Майор с улыбкой откинулся на спинку стула:
— Но ведь вы, кажется, согласились на сто долларов еще до того, как все это с вами случилось, разве нет? Иначе вам не пришлось бы обыскивать машину, едва выехав из Афин. Суть проблемы, надеюсь, просматриваете?
— Суть-то я, конечно, просматривал, сэр, вот только не видел, как из нее выбираться…
Он неторопливо прикурил очередную сигарету.

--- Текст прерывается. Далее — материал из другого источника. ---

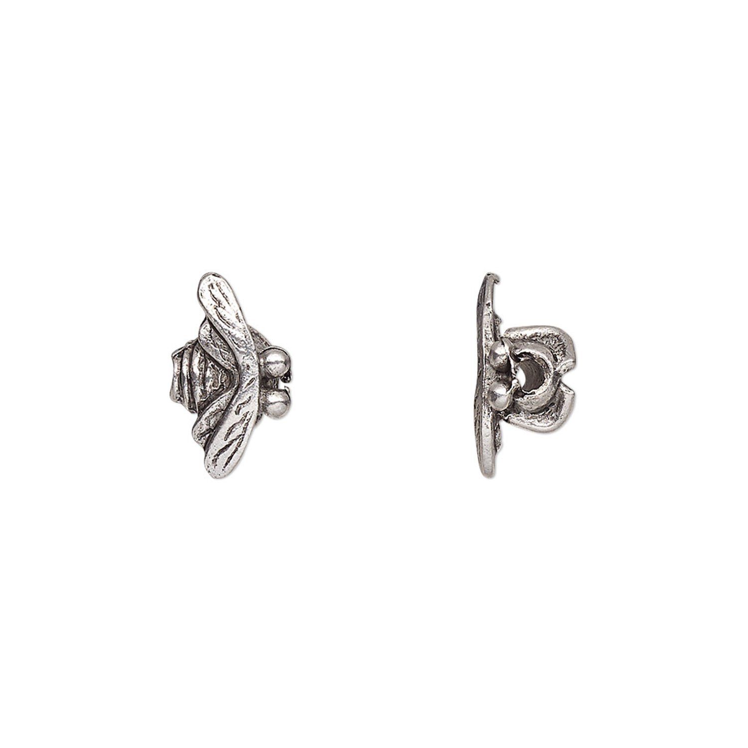 Bead, antiqued pewter (tin-based alloy), 13x6mm bee. Sold per pkg of 4.
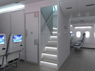 The NFS involves relocation of the forward stair from Door 1 to Door 2, and combining the entrance of the NFS to the upper deck (going up), with the adjacent staircase to the lower-deck crew-rest (going down). The NFS would make room for up to 20 additional passengers.
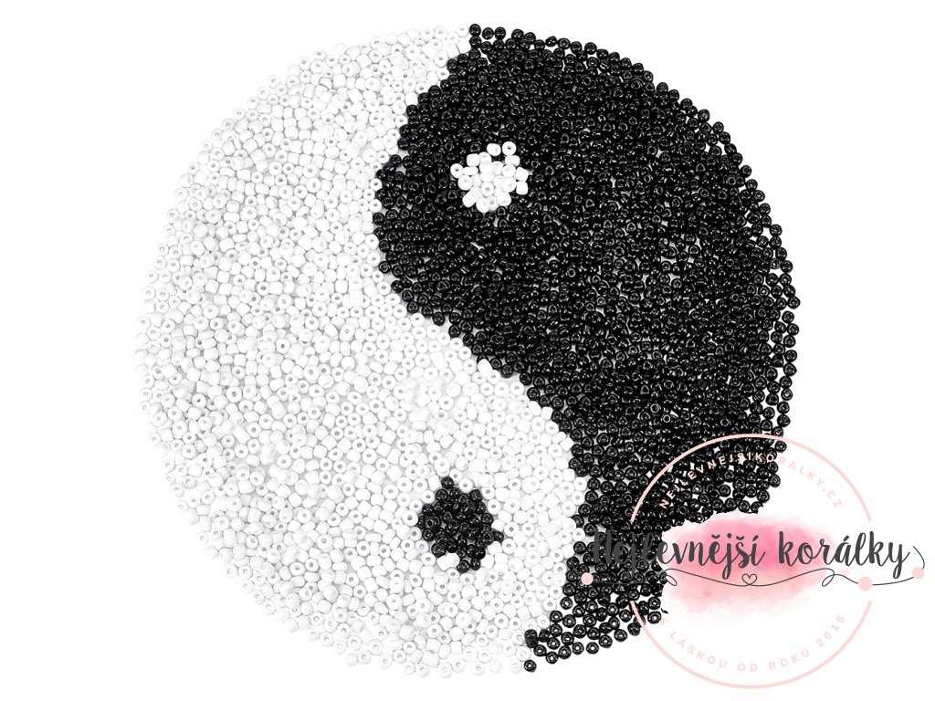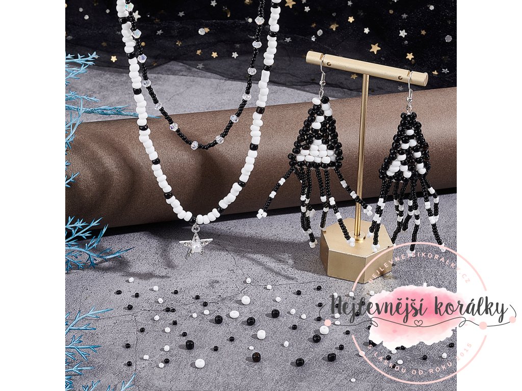 Skleněný rokajl - krabička - černá a bílá - 4 mm - 2 x 100g - 1 krabička

— Может, хватит, Симпсон? Ведь всего несколько минут назад вы вроде бы уже начали как бы выбираться из мрака ночи к свету дня. Так почему бы вам этот процесс не продолжить? Не довести его до логического конца? Поскольку либо вся ваша история от начала и до конца сплошная ложь, либо вы утаиваете что-то одно, но очень важное. Тогда неизбежно возникает вполне естественный вопрос — интересно, что именно? Ведь я, сами понимаете, все равно все узнаю. Рано или поздно, но узнаю, уж поверьте. Так что и вам, и мне будет только легче, если вы перестанете юлить вокруг да около и скажете мне все как есть. Прямо сейчас…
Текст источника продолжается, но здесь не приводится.